- Australian soldiers supported by an ASLAV-25 patrol along a railway line near Camp Smitty during routine foot patrols in Al Muthanna Province
- Active: 2005–2006
- Country: Australia
- Branch: Australian Army
- Type: Battlegroup
- Size: ~450 personnel
- Engagements: Iraq War

= Al Muthanna Task Group =

The Al Muthanna Task Group (AMTG) was a battlegroup that formed Australia's main ground force contribution to the Multinational force in Iraq. The AMTG was established in April 2005 and ceased to exist in July 2006 when the Australian force was relocated to Dhi Qar Governorate as Overwatch Battle Group (West).

==Role==
The Al Muthanna Task Group had two tasks:
1. Provide a secure environment for the Japanese Iraq Reconstruction and Support Group (JIRSG)
2. Assist in the training of local Iraqi Army units so that they are able to take over the internal and external defence of their country

==Composition==
The AMTG was made up of around 450 personnel and consisted of:
- Task Group Headquarters
- a cavalry squadron
- an infantry company
- a training team (on 6-month deployments)
- supporting elements

===Rotations===
- AMTG-1: April – November 2005 (Lieutenant Colonel Roger Noble)
  - HQ, 2nd Cavalry Regiment
  - C Squadron, 2nd Cavalry Regiment
  - B Company, 5th/7th Battalion, Royal Australian Regiment
  - Support Squadron, 2nd Cavalry Regiment
- AMTG-2: November 2005 – June 2006 (Lieutenant Colonel Peter Short)
  - HQ, 5th/7th Battalion, Royal Australian Regiment
  - A Squadron, 2nd Cavalry Regiment
  - C Company, 5th/7th Battalion, Royal Australian Regiment
  - Operational Support Company, 5th/7th Battalion, Royal Australian Regiment
- AMTG-3: June – July 2006 (Lieutenant Colonel Michael Mahy)
  - HQ, 2nd Battalion, Royal Australian Regiment
  - A Squadron, 2nd/14th Light Horse Regiment (Queensland Mounted Infantry)
  - A Company, 2nd Battalion, Royal Australian Regiment
  - Support Company, 2nd Battalion, Royal Australian Regiment
  - IMV Detachment, 6th Battalion, Royal Australian Regiment

There were three rotations of troops into the AMTG. The initial force operated in Iraq between April and November 2005 and was commanded by the 2nd Cavalry Regiment's headquarters. The second rotation arrived in Iraq in November 2005 and was commanded by 5/7 RAR's headquarters. The final rotation arrived in May 2005 and was commanded by 2 RAR's headquarters.

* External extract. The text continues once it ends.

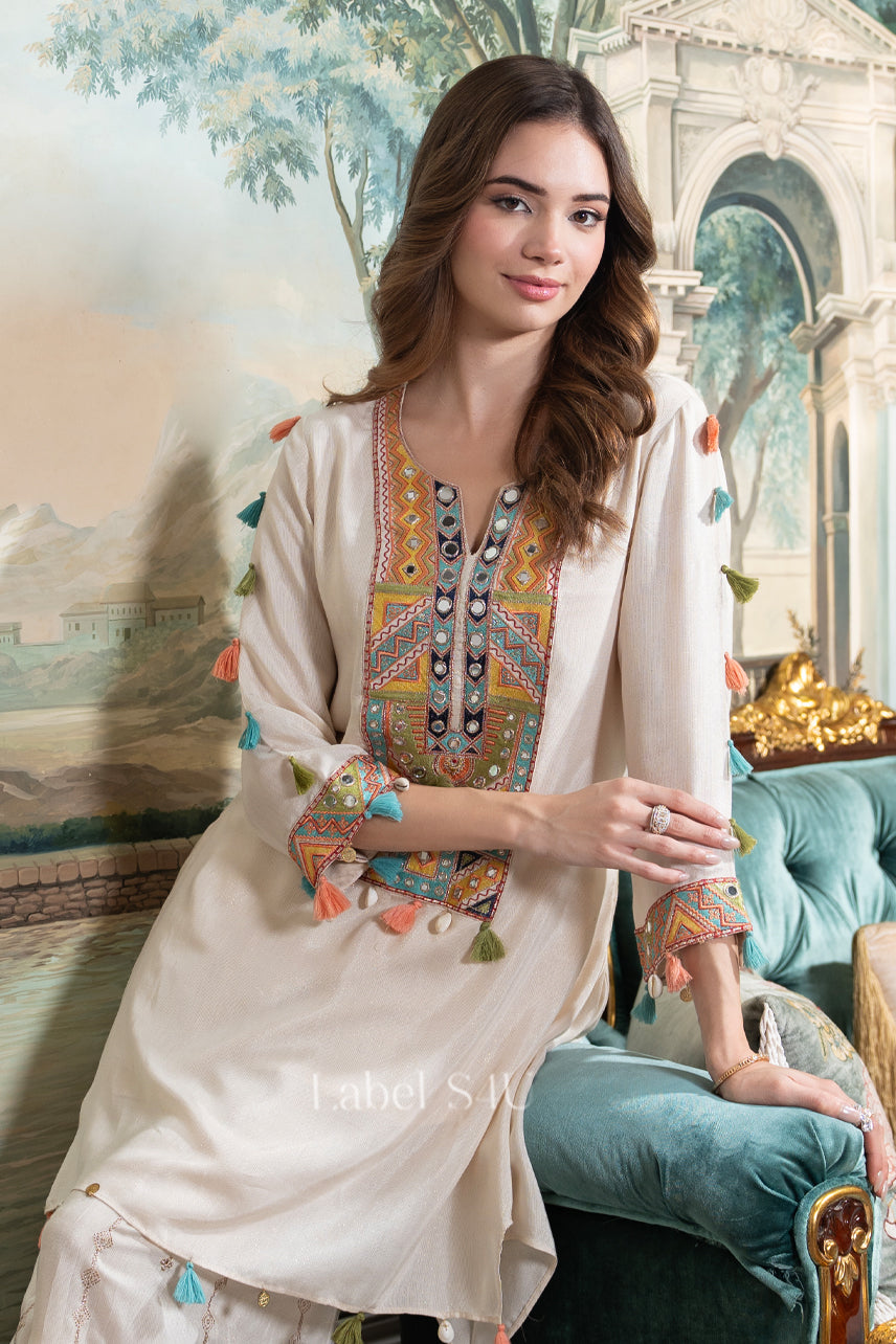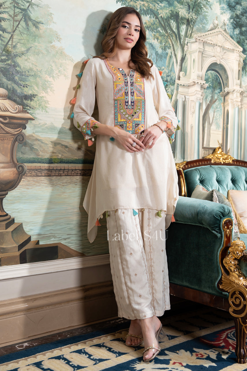 Elevate your wardrobe with this elegant Ivory Embroidered Kurta Pant Set, a perfect blend of sophistication and contemporary ethnic charm. Crafted in a refined, lightweight fabric, the kurta features a beautifully multicolored thread-embroidered yoke that adds a vibrant artistic touch to the serene ivory base. The relaxed asymmetrical hemline, adorned with playful tassels, gives the outfit a chic, youthful appeal. The sleeves are enhanced with matching embroidery and delicate tassel accents, making every detail stand out with finesse. Paired with intricately cut-work embellished straight pants, this set offers a graceful silhouette that is comfortable, stylish, and effortlessly festive.

The AMTG was highly mechanised and operated 40 Australian Light Armoured Vehicles (ASLAVs) and 10 Bushmasters. While the first two AMTG rotations were largely drawn from 1 Brigade, the third rotation was drawn from both 3 Brigade and 7 Brigade.

Members of the training teams were drawn from across the Australian Defence Force. Their ranks range from private to lieutenant colonel.

==Later operations==
While the AMTG was initially only deployed for two 6-month rotations, the Australian government announced in March 2006 that the deployment would be extended until at least the second half of 2007. Upon the withdrawal of Japanese reconstruction troops the Australian force was transferred to Tallil Airbase in Dhi Qar Governorate. The role of the Task Group changed to providing support to Iraqi forces as requested. The Task Group was renamed the Overwatch Battle Group (West).